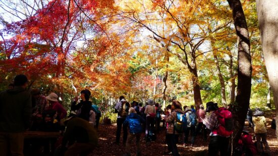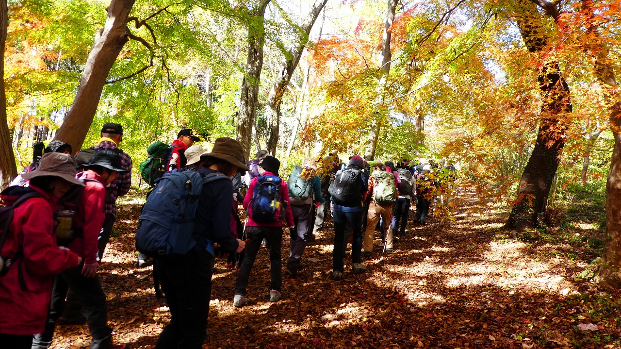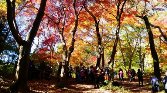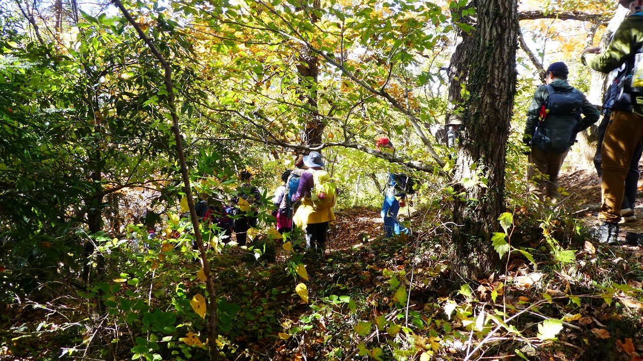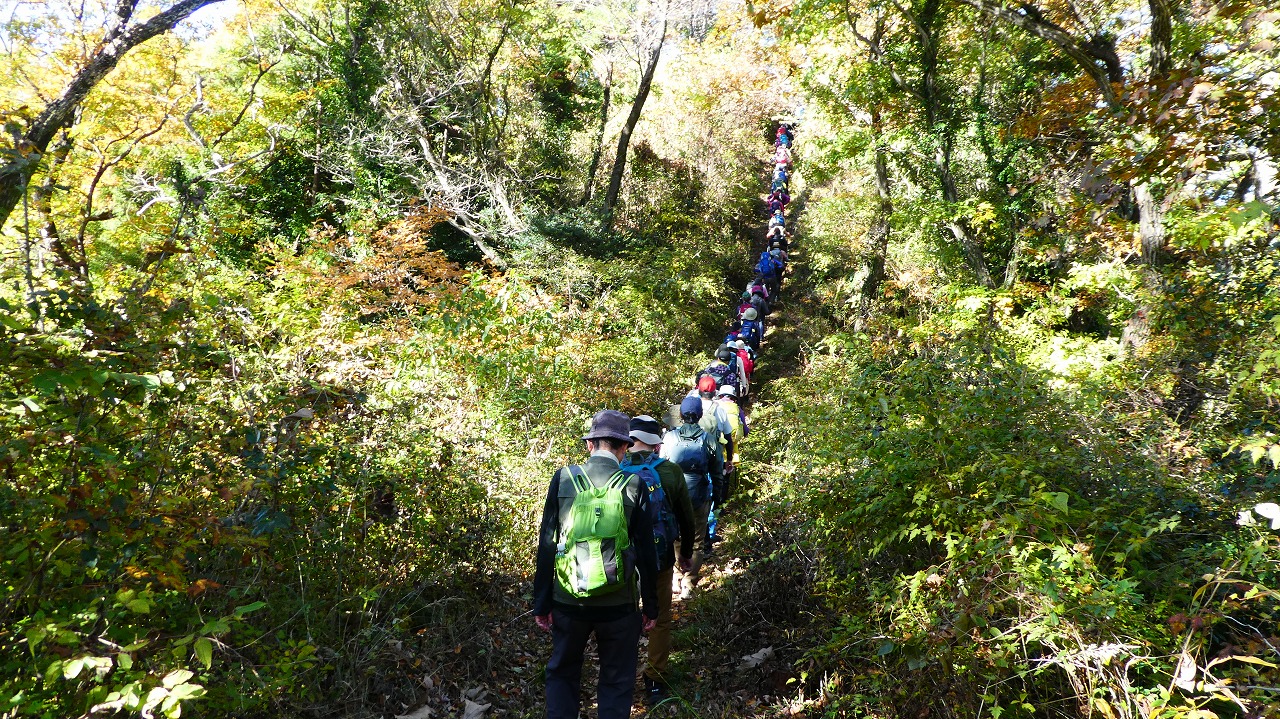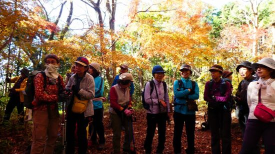 「評議原は小田原攻めの際に片倉、津久井、小松城の武将たちが秀吉にどう降伏するかを相談した場所とされています。この辺りを毎日歩かれているという男性によると今の色付き度は5、上から陽の差す昼が見頃なんだとか。上の雨降龍籠山の展望台からは都内や神奈川のビル群、遠くは赤城山、男体山、房総半島の説明も受けました。おまけは房総半島上にチョコッと頭を出している冨山。来週に登る予定なので少~し嬉しい!
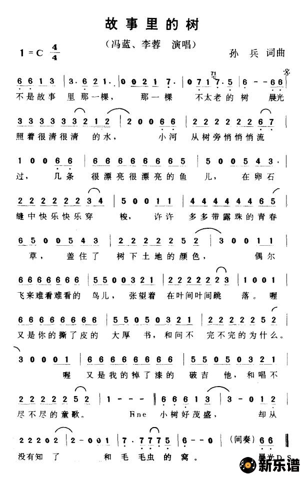 冯蓝/李蓉演唱的故事里的树歌词,故事里的树简谱.
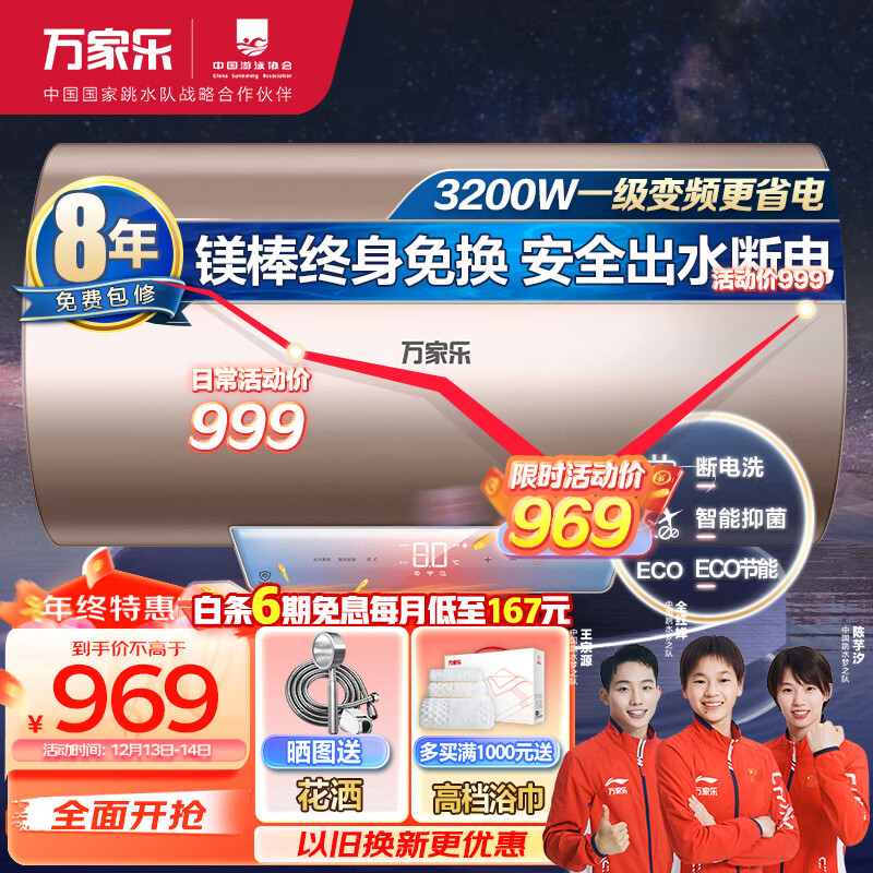 万家乐电热水器80升 储水式一级能效3200W速热 镁棒免换 出水自动断电手机智控D80-FW3价格:968.00元!
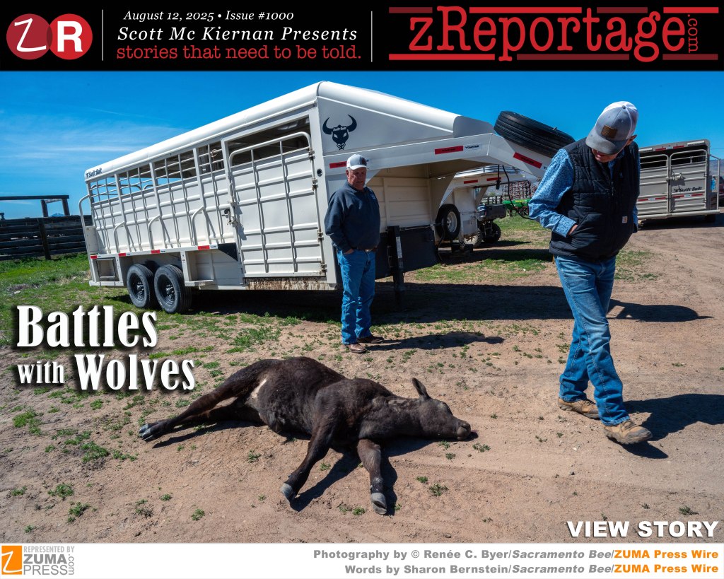 Scott Mc Kiernan Presents zReportage.com Issue #1000 Story of the Week: Published TUESDAY August 12, 2025: ‘Battles With Wolves’ from ZUMA represented Pulitzer winner Renée C. Byer staff at The Sacramento Bee: The return of gray wolves to rural California after over 100 years, may be viewed by some as an ecological milestone, but for ranchers with livestock and families living in these regions, it has ushered in a troubling new reality: the erosion of a basic sense of safety. Five northern California counties have declared public safety emergencies due to wolves, begging the state to allow sheriffs more leeway to, if necessary, euthanize the protected wolves if they pose a danger to people. Today, under state and federal endangered species protections, it’s illegal to kill a wolf unless it presents an immediate threat to a person. The state is beginning a process of re-evaluating protections for the gray wolf, but environmental groups are likely to fight removing endangered species protections for wolves without strong evidence that they are no longer threatened. Welcome to ‘Battles With Wolves’

★ ★ ★ ★

Using the data above, write out every line exactly, leaving the images behind.

 「評議原は小田原攻めの際に片倉、津久井、小松城の武将たちが秀吉にどう降伏するかを相談した場所とされています。この辺りを毎日歩かれているという男性によると今の色付き度は5、上から陽の差す昼が見頃なんだとか。上の雨降龍籠山の展望台からは都内や神奈川のビル群、遠くは赤城山、男体山、房総半島の説明も受けました。おまけは房総半島上にチョコッと頭を出している冨山。来週に登る予定なので少~し嬉しい!
 冯蓝/李蓉演唱的故事里的树歌词,故事里的树简谱.
 万家乐电热水器80升 储水式一级能效3200W速热 镁棒免换 出水自动断电手机智控D80-FW3价格:968.00元!
 Scott Mc Kiernan Presents zReportage.com Issue #1000 Story of the Week: Published TUESDAY August 12, 2025: ‘Battles With Wolves’ from ZUMA represented Pulitzer winner Renée C. Byer staff at The Sacramento Bee: The return of gray wolves to rural California after over 100 years, may be viewed by some as an ecological milestone, but for ranchers with livestock and families living in these regions, it has ushered in a troubling new reality: the erosion of a basic sense of safety. Five northern California counties have declared public safety emergencies due to wolves, begging the state to allow sheriffs more leeway to, if necessary, euthanize the protected wolves if they pose a danger to people. Today, under state and federal endangered species protections, it’s illegal to kill a wolf unless it presents an immediate threat to a person. The state is beginning a process of re-evaluating protections for the gray wolf, but environmental groups are likely to fight removing endangered species protections for wolves without strong evidence that they are no longer threatened. Welcome to ‘Battles With Wolves’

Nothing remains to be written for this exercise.